Herinner je je die prachtige fractale patronen nog die op zelforganiserend gedrag in de natuur wijzen en die we overal – van boomtakken tot aan neurale netwerken – tegenkomen? Complexiteitsonderzoekers hebben aangetoond dat dit de efficiëntste configuratie is om energie zo soepel mogelijk door een systeem te laten stromen. We kunnen het leven dan ook als een fractaal zien: een reeks natuurlijke aantrekkers die op verschillende schalen vergelijkbare principes vertonen, van microscopische cellen tot organismen tot complete ecosystemen aan toe. De verbluffende complexiteit van de zelforganisatie van het leven heeft zich van een minuscule cel uitgebreid naar enorme interacties die de hele planeet omvatten, terwijl er tegelijk almaar ingewikkeldere manieren ontwikkeld worden om de entropische krachten te trotseren. Hieronder doen we een poging om daar een glimp van op te vangen.(22)

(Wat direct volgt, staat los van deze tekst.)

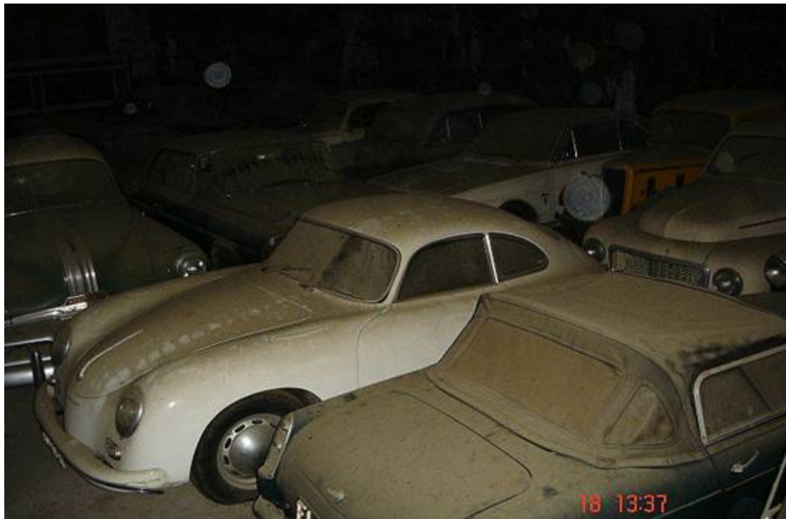
Porsche 356, Austin Healey Sprite MkII, Volvo PV 544, Ford Y?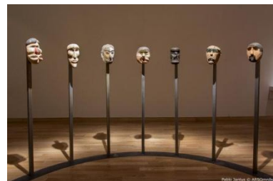
Foto 2. Presentación de las máscaras. Muestra

Es indispensable contar con el registro musical de la celebración ritual en el momento del ingreso de los espectadores al círculo de las máscaras.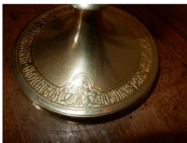
Détail des inscriptions sur le pied. IVR75_20228602051NUCA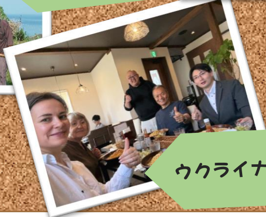
ウクライナ避難民とお食事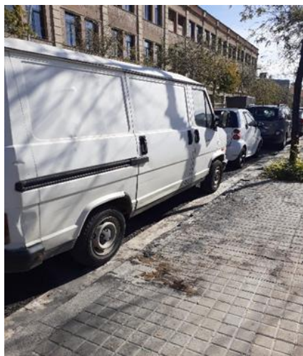
Foto 11: Los vehículos ocupan el lugar de los contenedores quemados

En cuanto a los contenedores quemados , se han reflejado sobre el mapa. En dos de los puntos de los contenedores quemados (Ca l'Illa y c/ Maresme) se tramitó la incidencia a través de la " Bústia ciutadana ", recibiendo la contestación de que se está llevando a cabo la reposición de los contenedores quemados en el barrio del Besòs-Maresme de estos últimos meses.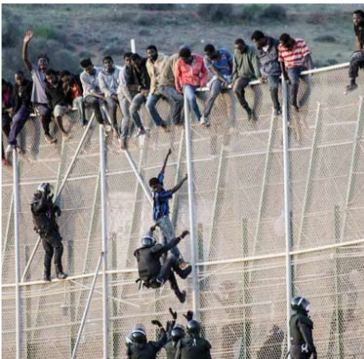
مهاجرون يحاولون اقتحام معبر سبحة الحدودي

بلدانهم في ظروف آمنة من جهة أخرى، ولفقت إلى أنه جرى ترحيل 4388 مهاجراً وأفاد طوابع إلى بلدانهم الأصلية، من بينهم 1664 مهاجراً بالتنسيق مع المنظمة الدولية للهجرة بالمغرب.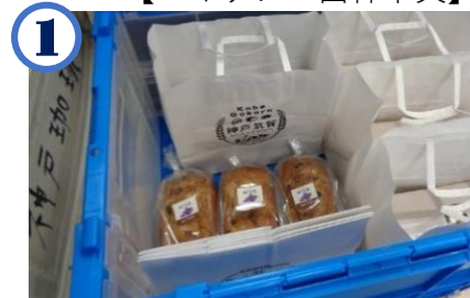
1 予約のあった商品を 配送ケースに入れる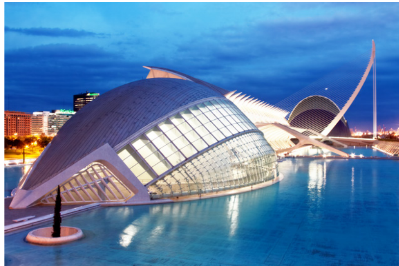
▲ CIUDAD DE LAS ARTES Y LAS CIENCIAS VALENCIA

❶ Consulta toda la información sobre trayectos y horarios del AVE aquí: www.renfe.com/viajeros/larga_distancia/productos/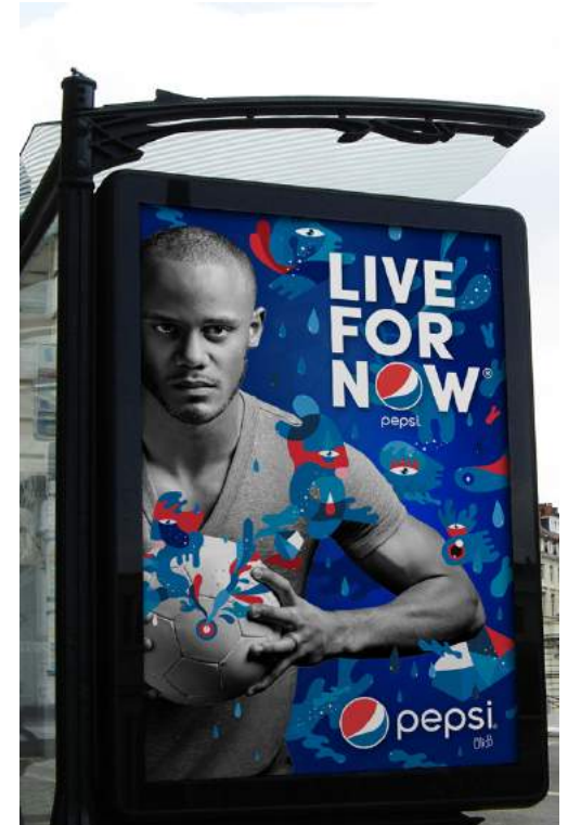
PEPSI, VINCENT KOMPANY & OLI-B

De celbiologie zit met een ernstig PR-probleem. Haar academische zusje, de genetica, staat al tientallen jaren in de schijnwerpers, haalt met regelmaat de voorpagina’s van populaire tijdschriften en wordt veelvuldig geroemd als de gouden sleutel die de geheimen van het leven zal ontsluieren. Aan de celbiologie wordt nauwelijks een woord vuil gemaakt, en toch is het in het mysterieuze innerlijke leven van de cel waar zich de verbluffende, zelforganiserende genialiteit van de natuur bij uitstek ontvouwt.

De cel heeft zo haar pleitbezorgers gehad, maar die hebben nooit de supersterrenstatus van van Crick en Watson weten te bereiken. Een Nobelprijswinnaar, Sydney Brenner, heeft ooit opgemerkt: ‘Ik ben er vast van overtuigd dat de fundamentele eenheid, het juiste abstractieniveau, de cel is en niet het genoom.’ Een andere celbioloog stelde dat alleen de cel, als de basis van het leven, werkelijk als een zelforganiserend systeem begrepen kan worden. Vervolgens schreef hij ‘dat ik niet snap hoe zo’n vanzelfsprekende stelling in de praktijk zo’n uitgesproken minderheidsstandpunt kan blijven.’(23)

Misschien zit het hem wel in de verbijsterende complexiteit van de interne organisatie van de cel die het zo lastig maakt om haar te begrijpen, laat staan er krantenkoppen aan te wijden. Zouden we als microscopische ontdekkingsreizigers op een cel inzoomen, dan werden we met een raadselachtig gegons van bedrijvigheid geconfronteerd, met ontelbare eiwitten die – elk met een omtrek van hooguit een paar nanometer (miljoenste millimeter) – als vibrerende verstrengelingen van levend staalwol supersnel rondwalsen. Eiwitten zijn opgebouwd uit zich herhalende combinaties van eenentwintig verschillende aminozuren die zich zo ingewikkeld in elkaar vouwen dat het voor biologen, zelfs al kennen ze de aminozuursequentie van het eiwit, gissen blijft naar de exacte vorm die ze aannemen.(24)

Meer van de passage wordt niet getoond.